Question

Aqueous zinc oxide reacts with excess of NaOH, the final products are:
a.) $Zn(OH{)}_2$
b.) $N{a}_{2}Zn{O}_2$
c.) Both A and B
d.) None of them

Answer 1

Hint: In this question, you just need to focus on the word excess. Aqueous zinc oxide will dissolve in alkalis to give soluble compounds. Now give your answer accordingly.
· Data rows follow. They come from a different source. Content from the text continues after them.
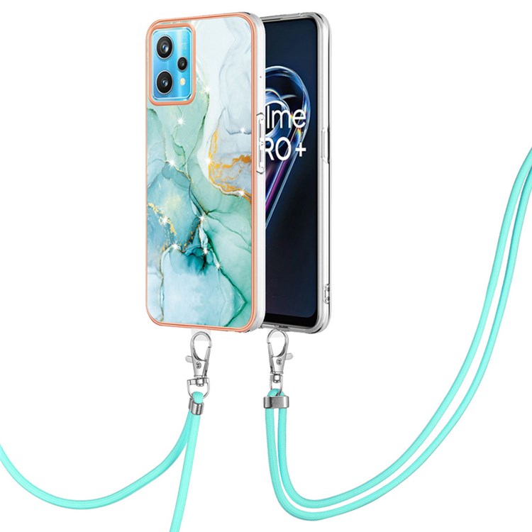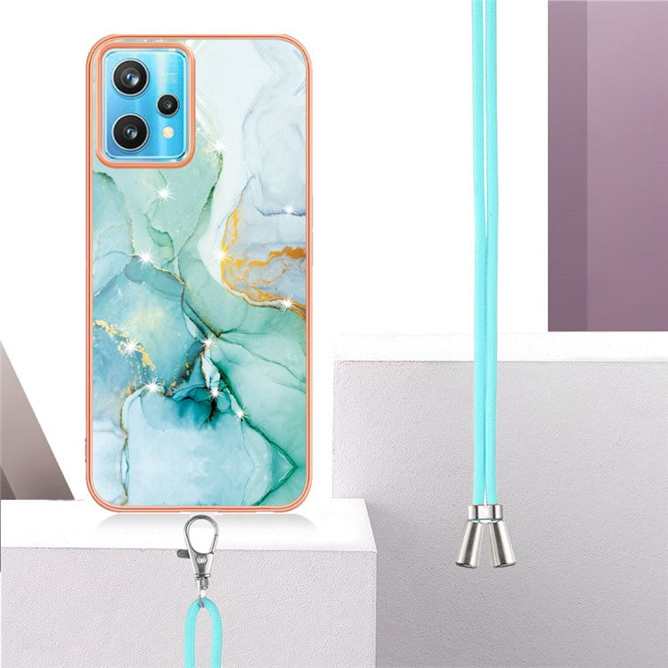 YB IMD Series-9 for Realme V25 / Realme 9 Pro 5G / 9 5G Marble Pattern IMD Soft TPU Case Electroplating Phone Shell with Lanyard - Green 003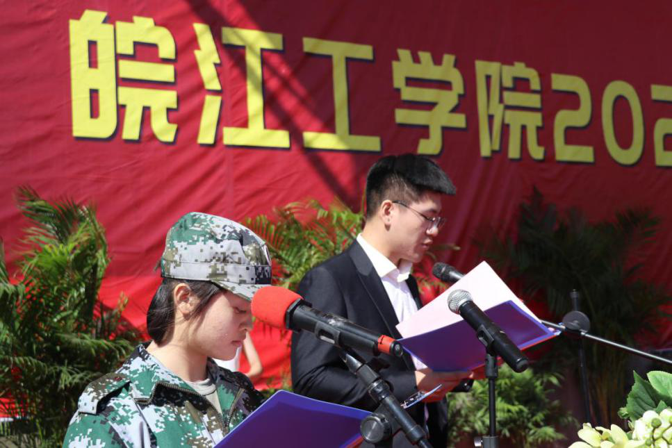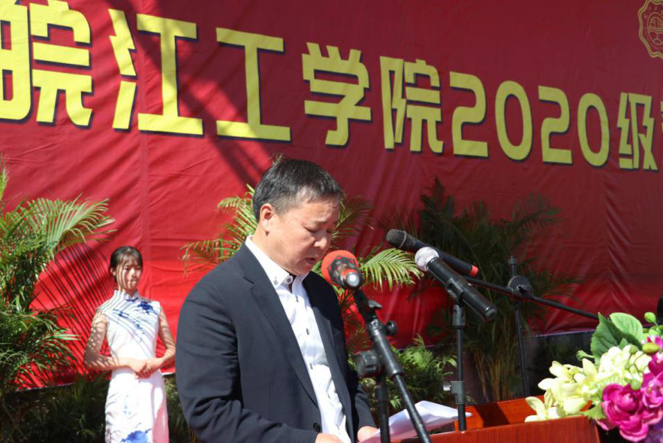 伴随着庄严而神圣的国歌,开学典礼正式拉开帷幕。吴继敏代表全校师生向2020级新同学表示最热烈的欢迎,对辛勤培养他们的家长和老师们致以最崇高的敬意,对来校指导军训工作的教官们表以最忠心的感谢。他说,前不久习近平总书记在全国抗击新冠肺炎疫情表彰会上为当代抗疫青年点赞,而他想为新生‘延期不误芳华季,答卷常怀赤子心’的拼搏精神点赞。在开启你们丰富多彩的大学生活之际,有一个很现实的问题需要重新思量,那就是如何做才能不负自己的大学时光。藉此,他给大家提出四点要求。一是要明确目标,脚踏实地。要尽快转变角色,融入大学生活,在新起点上做好人生规划,确立自己新的目标并要为此不懈努力。二是要学会做人、做事。作为竞技宝app选glubet新人,要始终铭记“上善若水,笃学敦行”的校训。始终恪守社会对竞技宝app选glubet人作风的普遍评价“宽厚、踏实、有责任感、有担当”。三是要不断完善自己,主动学习。“恰同学少年,风华正茂”,有老师指点,有同学切磋,有浩瀚的知识引路,可以心无旁骛的求知问学。四是学有所用。新生在平时要做到“知行合一”,才能将所学落到实处,实现为学的初衷。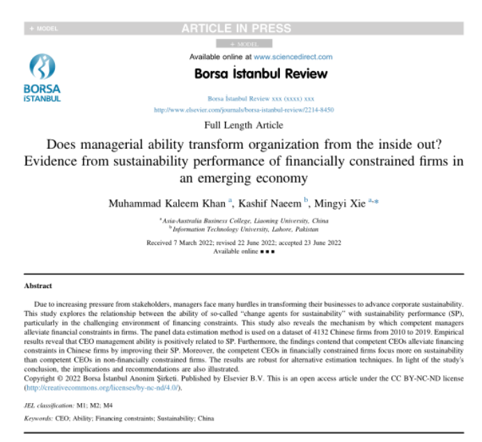 亚澳商学院Muhammad Kaleem Khan博士(第一作者)与谢名一教授(通讯作者)合作在Borsa Istanbul Review发表论文Does managerial ability transform organization from the inside out? Evidence from sustainability performance of financially constrained firms in an emerging economy。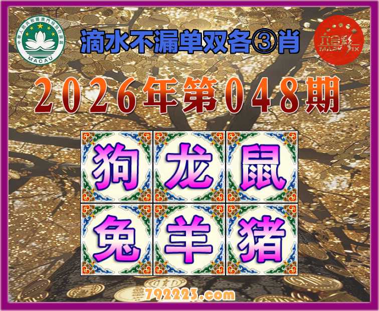 048期: 滴水不漏 🧩单双各③肖🧩【狗.龙.鼠.兔..猪】开:羊24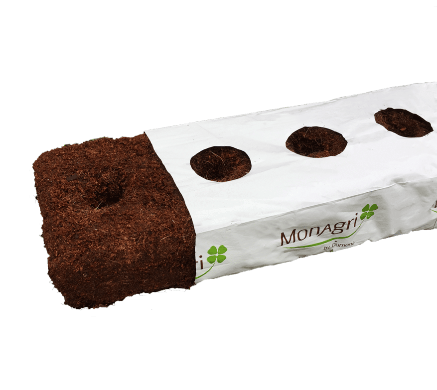 Culture de tomates sans sol avec une miche de fibre de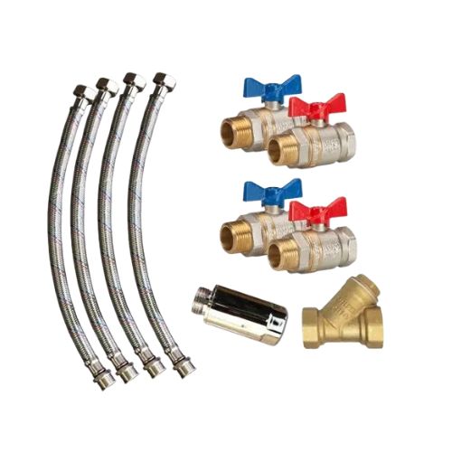 - دو عدد شیر ربع گرد ۱/۲ اینچ: شیرآلات استاندارد برای قطع و وصل کردن جریان آب ورودی و خروجی پکیج.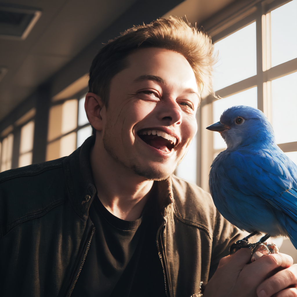 a man (elon musk) evil laughing, chasing a bird,(blue bird), official art,finely detail, Depth of field,(((masterpiece))),((extremely detailed CG unity 8k wallpaper)),best quality, high resolution illustration,Amazing,highres,intricate detail,(best illumination, best shadow, an extremely delicate and beautiful),, <lora:SLS:1.0>,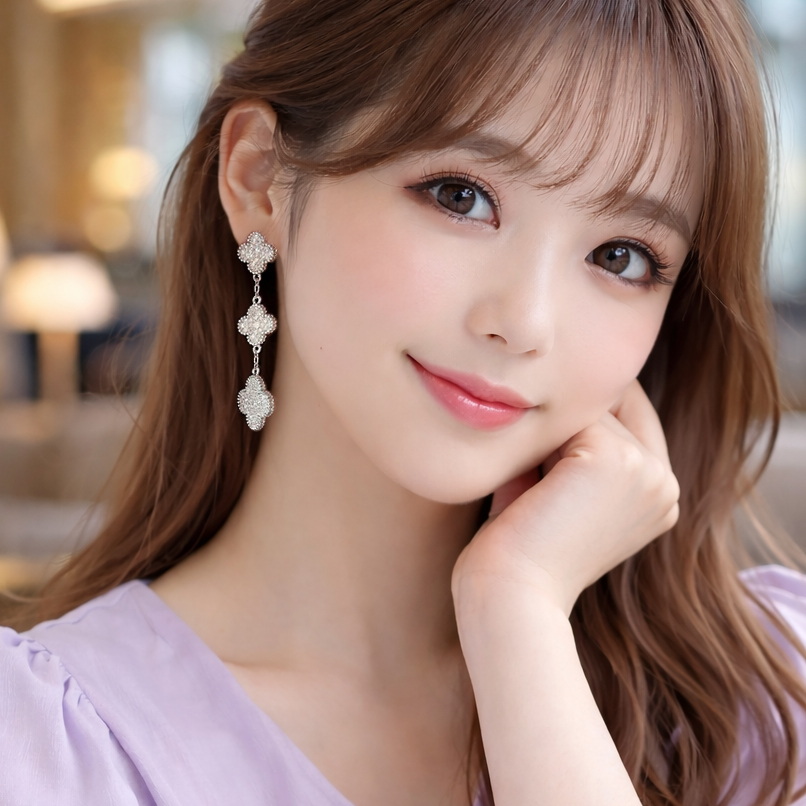 幸運のシンボル「四つ葉のクローバー」。キュービックジルコニアストーンの輝くクローバーモチーフは華やかさをプラスオンしてくれる、3Clover Pendant motif ピアス。全方位にストーンを敷き詰め、どの角度から見てもゴージャスで煌びやかな印象を与えてくれます。メッキはシルバーカラーでジュエリー感たっぷり。シーズンレスで着用でき、場面も選ばないので贈り物にも最適です。高品質のメッキで、耐久性に優れ変色しにくく、長くご愛用いただけます。

Complete step by step answer:

Zinc hydroxide can be prepared by adding sodium hydroxide solution, but not in excess, to a solution of any zinc salt. A white precipitate will be seen:
$Z{n}^{2+}+2O{H}^{-}\to Zn(OH{)}_2$
If excess sodium hydroxide is added, the precipitate of zinc hydroxide will dissolve, forming a colorless solution of zincate ion:
$Zn(OH{)}_2+2O{H}^{-}\to Zn(OH{)}_4^{2-}$
Solutions of sodium zincate may be prepared by dissolving zinc, zinc hydroxide, or zinc oxide in an aqueous solution of sodium hydroxide.
Hence, we can say that zinc oxide reacts with an excess of sodium hydroxide to produce sodium zincate and water. This reaction takes place at a temperature of 500-${600}^0$C.
$ZnO+2NaOH\to N{a}_{2}Zn{O}_2+H_{2}O$

Therefore, we can conclude that the correct answer to this question is option B.

Note: Sodium zincate refers to anionic zinc oxides or hydroxides, depending on conditions. In the applications of these materials, the exact formula is not necessarily important and it is likely that aqueous zincate solutions consist of mixtures.
$N{a}_{2}Zn{O}_2$ is a type of oxo zincate.